Avoid litigation with alternative dispute resolution
Arbitration and mediation are two ways to avoid going to court—and they can save you a bundle of money.
Few, if any, business owners want to take a dispute to court. Lawsuits are expensive, time consuming and create stress. Fortunately, there are other paths to settling problems. Sometimes called “alternative dispute resolution” or ADR, arbitration and mediation are effective ways to avoid taking a conflict to court.
What’s the difference between arbitration and mediation?
When your dispute is settled by an arbitrator, his or her decision is binding; both parties must abide by it. In mediation, both parties decide whether or not to agree to a settlement.
There’s a difference in process, too.
Arbitration is similar to the court process in that both parties provide testimony and evidence. Before the process begins, both parties agree that the final decision is in the hands of the arbitrator, essentially making the arbitrator a judge.

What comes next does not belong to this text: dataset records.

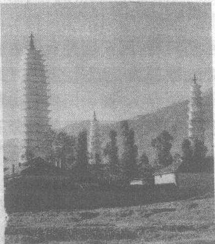 大理三塔古代佛塔建筑,是崇圣寺三塔的俗称。在云南省大理白族自治州大理市西北,位于旧城西北1公里处。始建于唐代,原为崇圣寺建筑的一部分。寺庙早已毁。主塔名“千寻塔”,约建于南诏保和时期(824—839年),塔高69.13米,共16层,为多层密檐式砖塔,自下而上逐渐收缩,方形,中空,塔身每层正面均开券龛,龛中置白色大理石佛像一尊。塔顶四角各有一只铜铸的金鹏鸟。南北两小塔均为八角形多层塔,雕有各式图案纹样,塔顶是3个衔接的铜制葫芦。两小塔各10层,均高42.19米。建于五代。1978—1980年在进行维修时,于千寻塔塔基及塔顶发现南诏、大理国的重要文物680件。三塔矗立于苍山洱海之间,构成一幅美丽的图画。为全国重点文物保护单位。 大理三塔即“崇圣寺三塔”(992页)。 大理三塔 233 大理三塔名胜古迹。在云南大理县城崇圣寺。位于苍山之麓,洱海之滨,鼎足矗立,气势雄伟。主塔名千寻塔,为密檐式方形砖塔,高约70米,共16层,每层置白色大理石佛像一尊。约建于南诏保和时期(824—839)。南北两座小塔高42米多。为10层密檐式八角形砖塔。建于五代。1978年重修三塔,发现唐宋时期珍贵文物600余件。 ☚ 筇竹寺 滇池 ☛ 大理三塔 大理三塔Dalisanta又称崇圣寺三塔。位于云南大理城西北崇圣寺内。均为砖砌,呈鼎足状矗立于苍山之麓、洱海之滨,显得气势雄伟。大塔呈方形,中空,为16层密檐,形状上与西安小雁塔相似。高69.13米,每层正面中央开券龛,置白色大理石佛像一尊。此塔建于南诏丰祐时期即唐长庆三年(823年),历时48年完工。南北两塔,呈八角形,较小,塔内实心。各为10层,均高42.19米,塔身均涂一层白色泥皮,肃穆庄重。各层分别雕有券龛、佛像、莲花、瑞云、花瓶等,典雅华丽。塔顶各有3只铜葫芦,建筑年代约北宋大理国时期。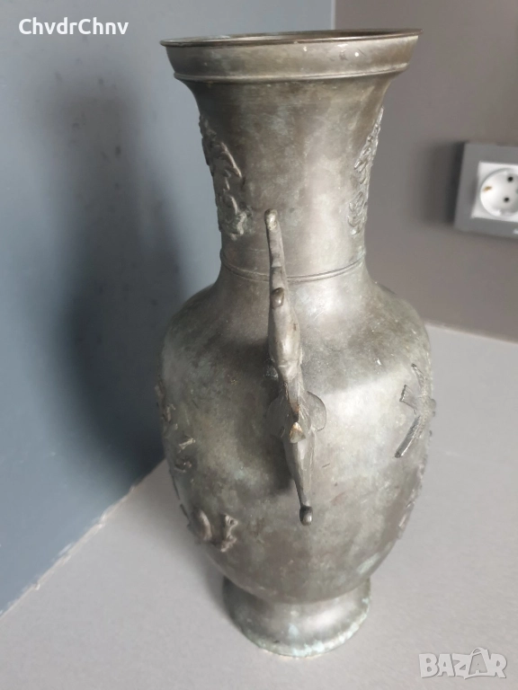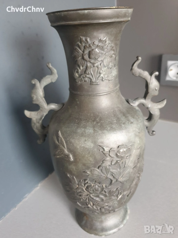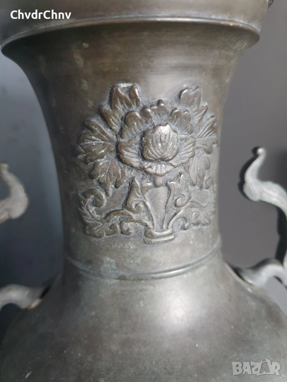 30см-3кг стара китайска бронзова ваза /фигурална/с птици и рози
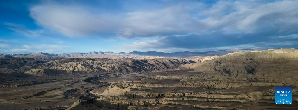 This photo taken on Nov. 2, 2023 shows the landscape of earth forest in Zanda County of Ngari Prefecture, southwest China's Tibet Autonomous Region. Zanda is famous for the unique landscape of earth forest. With gullies, ravines and steep mountainsides, the unique landscape was shaped as a result of gradual geological movements of the Himalayan region ever since the Quaternary Period from 2.5 million years ago and the impact of perennial water erosion and airslaking. (Xinhua/Nie Yi)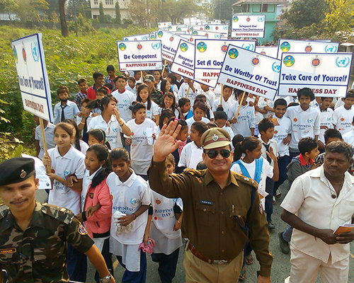 The “Happiness March” was launched by the Member of Parliament for Arunachal State and included government officials, representatives of the Arunachal Police Department, and other civic and social organizations. Adults and children alike carried placards with each precept and wore Happiness Day T-shirts.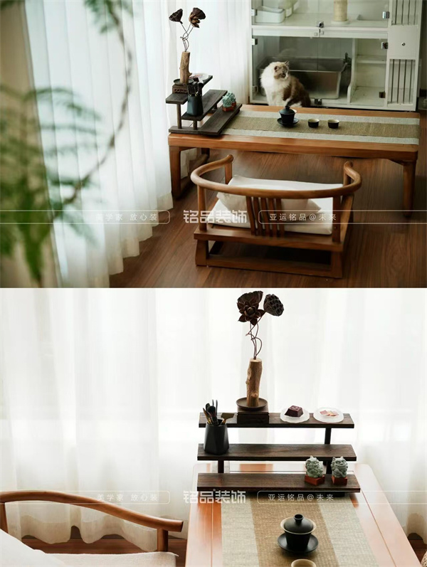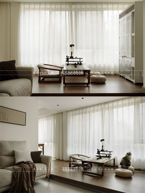 杭州中天珺府装修将原阳台拆除包进客厅,打造成休闲地台,茶台静静摆放,地毯温柔铺开,男主人可在此烹茶品茗;女业主喜爱的猫猫,在这也有了专属的猫柜,人与猫的互动,为空间增添了几分生动与暖意。透过客厅的落地大窗户,庭院的春夏秋冬尽收眼底,四季的风景成了家中最美的装饰画。原次卧则改为多功能书房兼客卧,提升空间利用率,再以一道可完全敞开的立川折叠门连接室内与庭院,让空间瞬间变得通透且富有变化。

In mediation, a neutral third party acts as negotiator between the disputing parties. There is only a settlement when both sides agree. There is typically some back and forth as the mediator meets with both parties, together and individually. If the parties don’t agree, a lawsuit is possible.
In both methods of ADR, the process is confidential unlike a court case where proceedings become part of the public record.
When do mediation and arbitration happen?
Sometimes, a clause is written in to a contract that states if a dispute arises, it will be settled through arbitration.
If there is no contract with an arbitration clause, the disputing parties can voluntarily agree to arbitration or mediation. Parties may also agree to arbitration if mediation fails.
During a lawsuit, a judge may order disputing parties to go to mediation.
If you have a contract with an arbitration or mediation clause, it should spell out who pays. Often costs are split but keep in mind expenses are not limited to the dispute resolution process.
In a mediated case it can be wise to seek counsel before you enter mediation so you understand the legal issues you face.
With arbitration, typically each side will pay for their own lawyer and witness costs, and split the cost of arbitration.
Who can mediate and arbitrate?
While the American Arbitration Association maintains a roster of impartial third parties who encourage disputing parties to craft a solution of their own, many people can serve as a mediator. This includes judges and leaders in the legal and business community.
When choosing a mediator, ask questions about their experience and clients they have worked with in the past. Use this mediation checklist from Harvard to interview mediator candidates.